Elsewhere, Ukraine is preparing to receive a convoy of Russian humanitarian aid, which caused some concern and controversy earlier. NATO had warned Moscow not to use humanitarian or peacekeeping incentives in order to send troops to Ukraine, while warning that Russia has massed a significant number of combat-ready troops on the border.

The Kremlin insisted on the humanitarian nature of the convoy, and has denied any intention to invade Ukraine or that it supports in any way the pro-Russian separatists in its neighbor.

Russia is subject to increasingly tougher economic sanctions by the West over its involvement with the crisis in Ukraine, which started last year.
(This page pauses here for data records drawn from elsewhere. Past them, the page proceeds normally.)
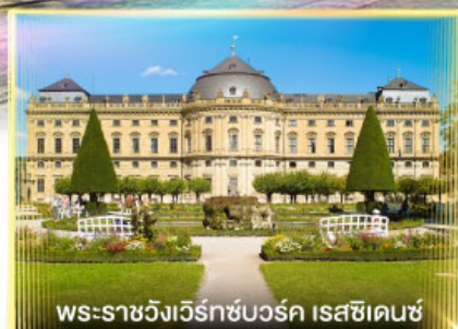
พระราชวังเวิร์ทซ์บวร์ค เรสซิเดนซ์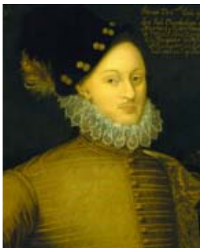
Edward de Vere 1550-1604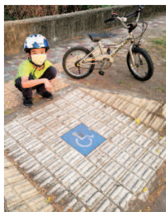
▲家鄉中的無障礙設施。

以「無障礙設施」為例，是指定著於建築物的建築構件，使建築物、空間，能讓行動不便者可獨立到達、進出及使用。例如室外通路、避難層坡道及扶手、避難層出入口、室內出入口、室內通路走廊、樓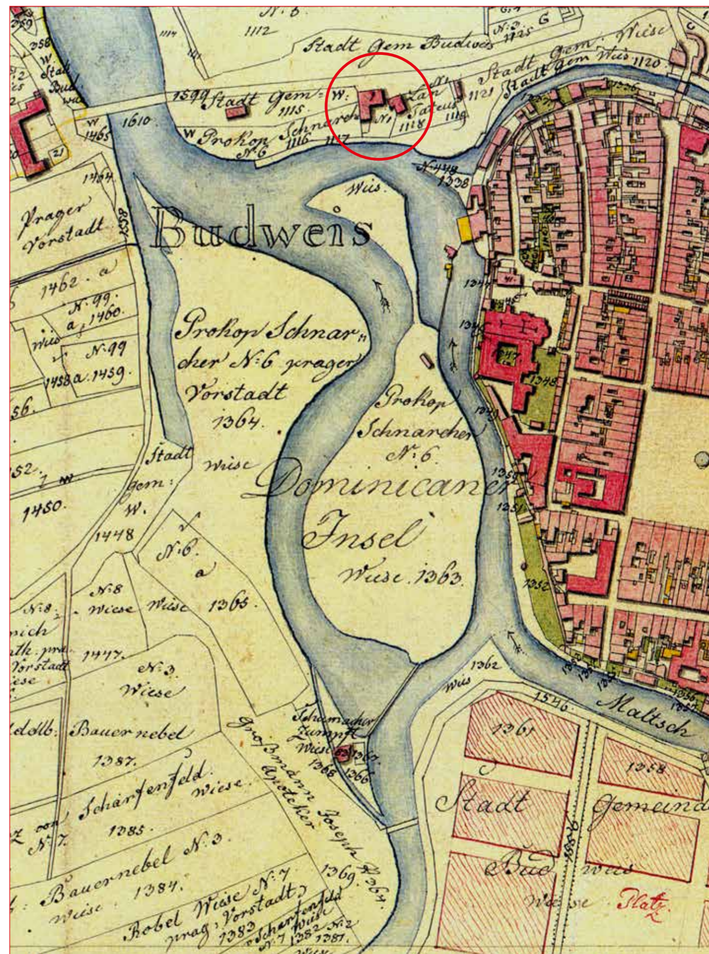
Nový a starý hostinec U Zelené ratolesti na plánu města z roku 1828.

Ke konkrétní památce nebylo vyhlášeno, nachází se na území vyhlášeného ochranného pásma hradebního systému města Č. Budějovice.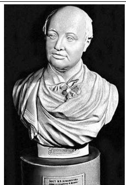
Ф.Шубин – бюст М.Ломоносова.

В области создании различных машин и механизмов особенно выделяются И.И.Ползунов и И.П.Кулибин. Ползунов изобрел первую паровую машину, а Кулибин разработал проект одноарочного моста через Неву. Кулибину также принадлежит изобретение семафорного

So far sanctions have failed to disrupt energy exports, but tensions are as high as ever.

“In these past weeks … the market completely put aside or underestimated the growing geopolitical risk, which in fact has been increasing,” Edouard Mouton, head of the quantitative desk at Diapason Commodities Management SA in Lausanne, Switzerland, said for The Wall Street Journal.

Copper

Copper futures for September delivery traded at $3.1330 per pound, down 0.68%. The contract dropped 0.63% on Tuesday.

China, the world’s leading consumer of industrial metals, with a 40% share of total copper demand, posted key economic metrics today. Industrial production was logged to have increased by 9.0% on an annual basis in July, while fixed asset investments and retail sales growths were slightly lower than expected at 17.0% and 12.2% annually, respectively. New loans, however, were reported at only 385 billion yuan in July, less than half of forecasts and a third of Junes, and the lowest level in almost six years.

“Metal prices find themselves under pressure across the board after somewhat weaker economic data were published in China,” Daniel Briesemann, an analyst at Commerzbank AG in Frankfurt, said for Bloomberg. “The Chinese economy has not got off to quite such a buoyant start to the second half of the year.”